Found 21 files belonging to 3 classes.


In [101]:
# CREATE A NEW MODEL: 
IMG_SHAPE = IMAGE_SIZE + (3,)
base_model = tf.keras.applications.ResNet50(input_shape=IMG_SHAPE,
                                               include_top=False,
                                               weights='imagenet')
base_model.trainable = False  # only get attributes rom resnet; to not add to training data

# using resnet to make a model
model2 = tf.keras.Sequential()
model2.add(tf.keras.layers.Lambda(preprocess_input, name='preprocessing', input_shape=IMG_SHAPE))
model2.add(base_model)
model2.add(tf.keras.layers.Flatten())
model2.add(tf.keras.layers.Dense(1024, activation='relu'))
model2.add(tf.keras.layers.Dropout(0.3))
model2.add(tf.keras.layers.Dense(4, activation='softmax'))  # 4 because there are 4 classes
model2.summary()

# compile the model
callbacks = [
        tf.keras.callbacks.EarlyStopping(monitor='val_loss', 
                                         min_delta=0, patience=2, verbose=0, 
                          mode='min', baseline=None, 
                      restore_best_weights=True)]

optimizer = tf.keras.optimizers.Adam(learning_rate=5e-5)
loss = tf.keras.losses.CategoricalCrossentropy()

model2.compile(optimizer=optimizer, loss=loss, metrics='accuracy')

Model: "sequential_15"
_________________________________________________________________
Layer (type)                 Output Shape              Param #   
preprocessing (Lambda)       (None, 128, 128, 3)       0         
_________________________________________________________________
resnet50 (Functional)        (None, 4, 4, 2048)        23587712  
_________________________________________________________________
flatten_15 (Flatten)         (None, 32768)             0         
_________________________________________________________________
dense_30 (Dense)             (None, 1024)              33555456  
_________________________________________________________________
dropout_15 (Dropout)         (None, 1024)              0         
_________________________________________________________________
dense_31 (Dense)             (None, 4)                 4100      
Total params: 57,147,268
Trainable params: 33,559,556
Non-trainable params: 23,587,712
________________________________

In [102]:
# ASSESS THE MODEL
predictions2 = model2.predict(test_ds, verbose=1)
y_pred = np.argmax(predictions2, axis=1)
y_true = np.argmax(np.concatenate([labels.numpy() for images, labels in test_ds.take(-1)]), axis=1)

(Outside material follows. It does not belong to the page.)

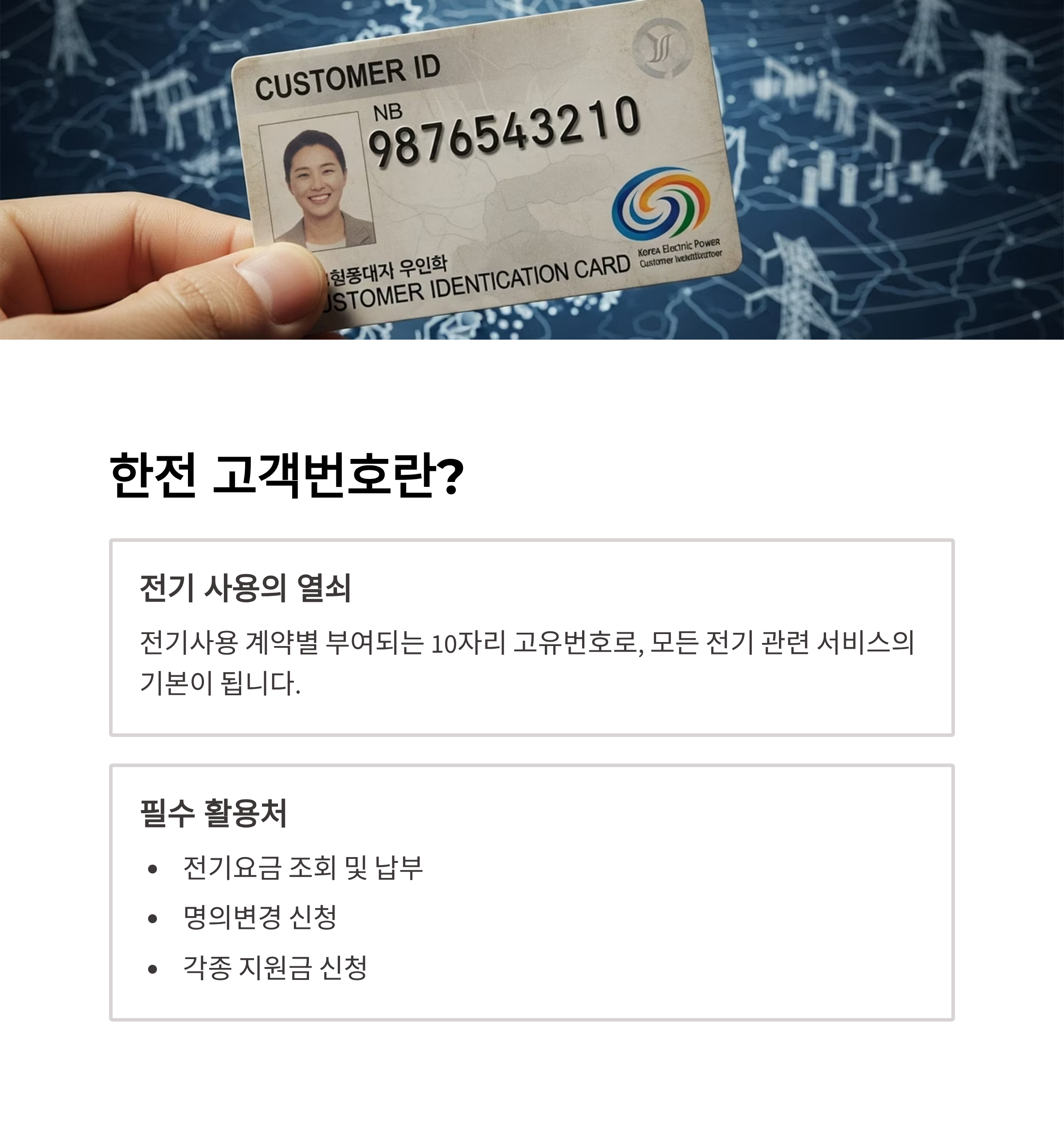 한전 고객번호는 전기요금 조회·납부·명의변경·자동이체 등 모든 전력 서비스를 이용할 때 필수로 요구되는 고유 식별번호입니다. 계약 주소와 명의별로 부여되며, 이사·명의변경 시 신규 번호가 적용됩니다.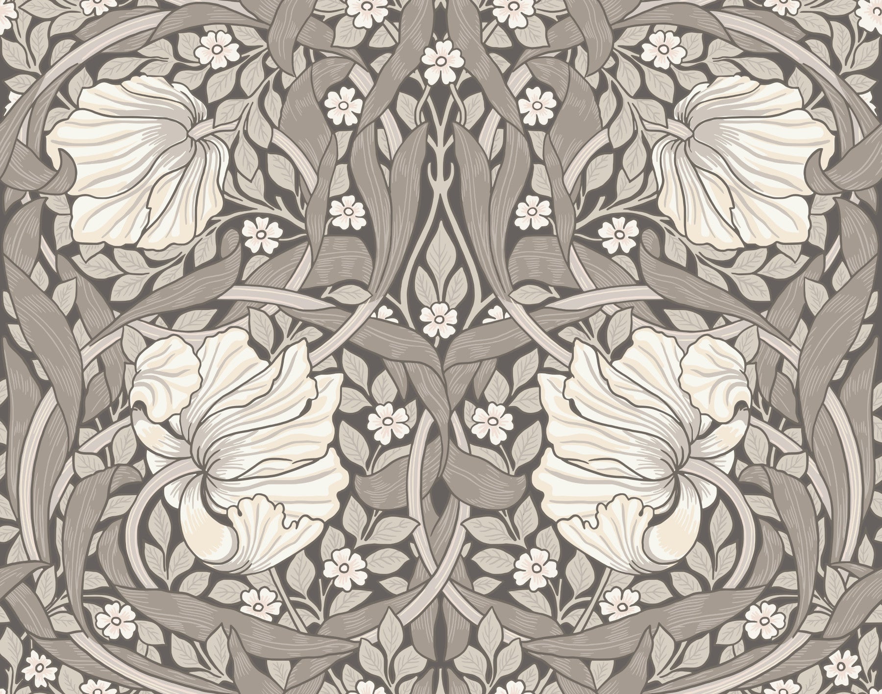 Indulge in the timeless elegance of "Pimpernel by William Morris 23," a captivating wallpaper design. This intricate pattern showcases a mesmerizing interplay of stylized tulips and delicate pimpernel flowers, rendered in a sophisticated palette of muted grays and creams. The flowing lines and organic forms, characteristic of William Morris's artistic style, create a sense of serene beauty and rich texture. The design's repeating motif offers a seamless and visually striking effect, ideal for adding a touch of classic artistry and sophistication to any space. Perfect for a tranquil bedroom or a refined study, this wallpaper exudes understated luxury and timeless charm.

print(confusion_matrix(y_true, y_pred))

[[ 3  0  1]
 [10  0  0]
 [ 5  1  0]]


### Conclusion:
Even when reducing the sample data to 3 clearly defined categories, it seems that the model classification precision is quite low.

This means that a pokemon's type recognizability doesn't come from its appearance alone.

The final dataset used for this 3-type classification task was 53 pokemon out of the available 151.  With 898 pokemon currently in the Generation 8 Pokedex, there is the potential for a lot more sample data.  If I were to continue this project, I would elicit the help of a couple friends to classify the remaining 700-ish pokemon, and retry the 14-type, 3-type, and full 18-type model creations.  I anticipate that vastly increasing sample size will yeild better results as it will decrease the overall noise and outlier influence.